しかしながら、ポリエーテルイミド樹脂の耐衝撃性は必
ずしも良好ではない。そこで、ポリエーテルイミド樹脂
の広範囲な用途への利用を可能とするために、該樹脂の
耐衝撃性を改善する方法の検討がなされてきた。However, the impact resistance of polyetherimide resins is not necessarily good. Therefore, in order to enable the use of polyetherimide resins in a wide range of applications, studies have been conducted on methods for improving the impact resistance of polyetherimide resins.
例えば、該樹脂の耐衝撃性の向上を目的として該樹脂に
、ポリプロピレン(特表昭60−501009号公報)
、エチレン−酢酸ビニルコポリマー(特開昭60−12
7360号公報)、EPDMターポリマー(特表昭60
−501008号公報)、ゴム変性ビニル芳香族重合体
(特表昭60−501010号公報)及びエチレン−グ
リシジルメタクリレート共重合体(特開昭59−182
847号公報)等の他のポリマーを該樹脂にブレンドす
る方法が知られている。For example, for the purpose of improving the impact resistance of the resin, polypropylene (Japanese Patent Publication No. 1983-501009) is added to the resin.

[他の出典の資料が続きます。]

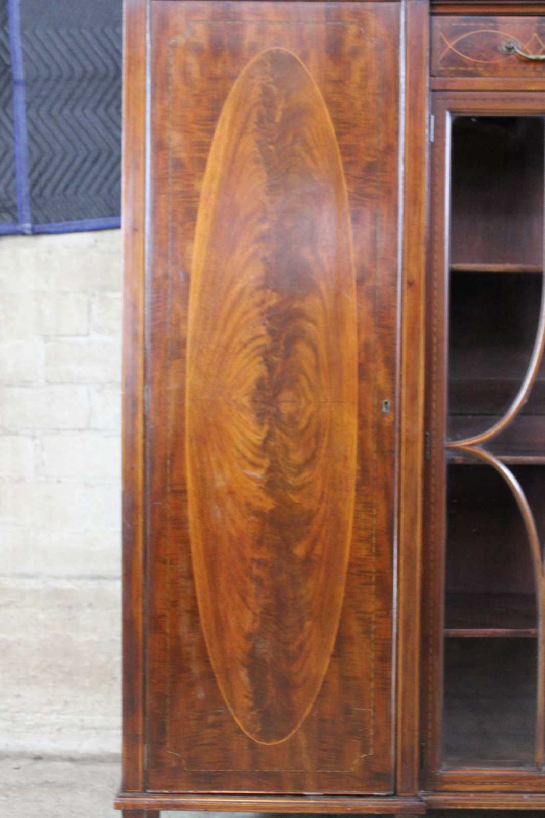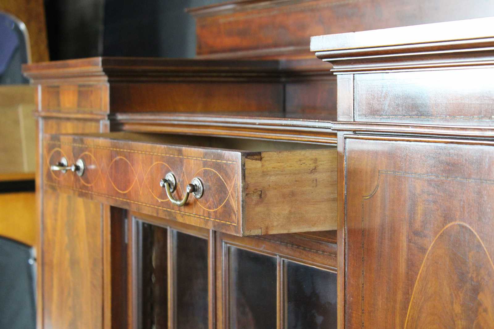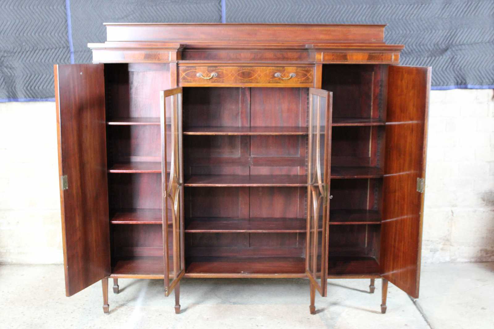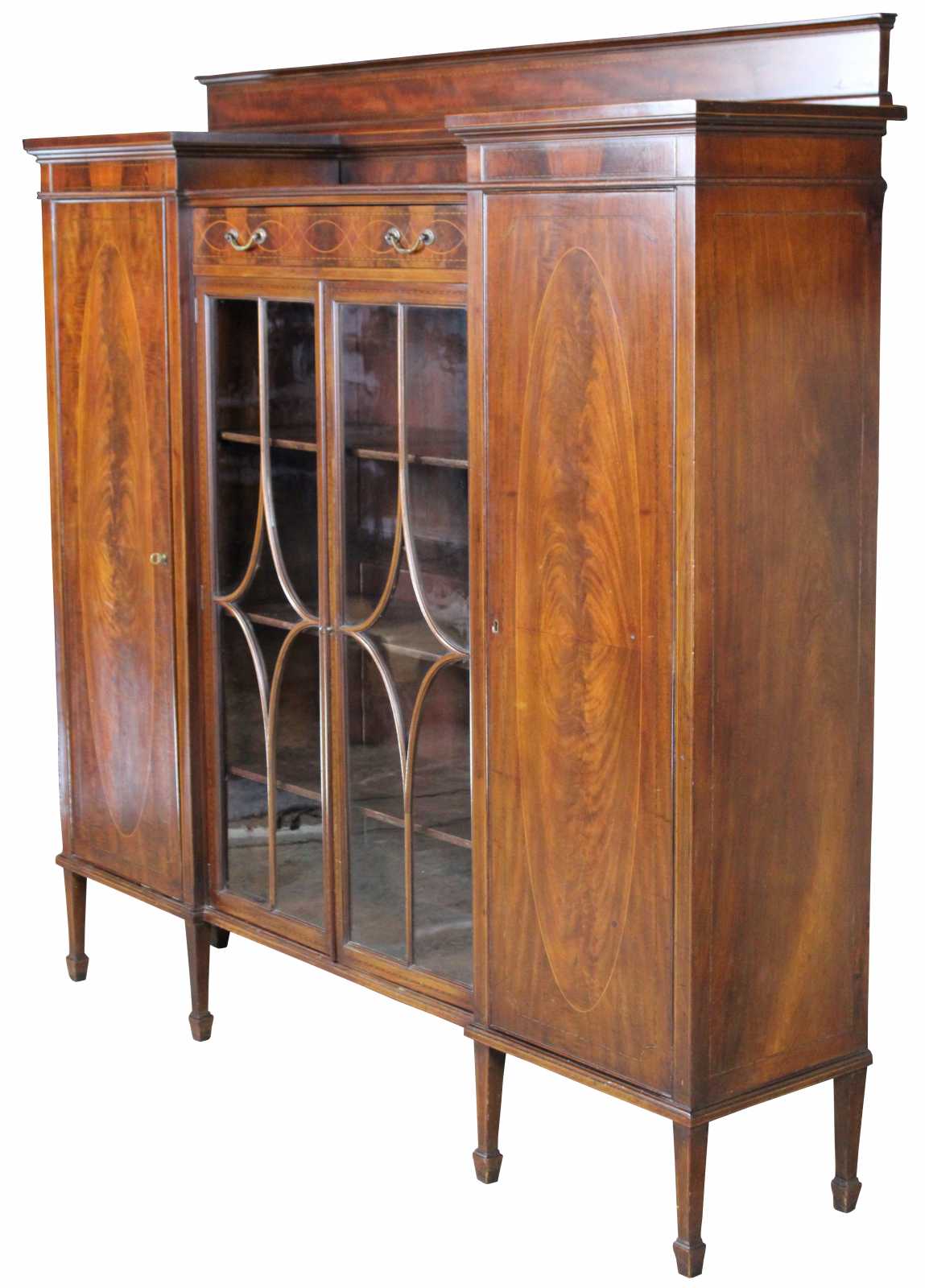 Monumental early 19th century Sheraton library bookcase. Features a central curio cabinet and upper drawer flanked by outer bookcases. Made from crotch (flamed) mahogany with beautifully burled doors, satinwood inlay, diamond pattern fretwork and brass hardware. The cabinet is supported by square tapered legs leading to spade feet.

, ethylene-vinyl acetate copolymer (JP-A-60-12
Publication No. 7360), EPDM terpolymer (Special Publication No. 1983)
-501008 Publication), rubber-modified vinyl aromatic polymer (Japanese Patent Application Laid-Open No. 1983-501010), and ethylene-glycidyl methacrylate copolymer (Japanese Patent Application Laid-open No. 188-1982).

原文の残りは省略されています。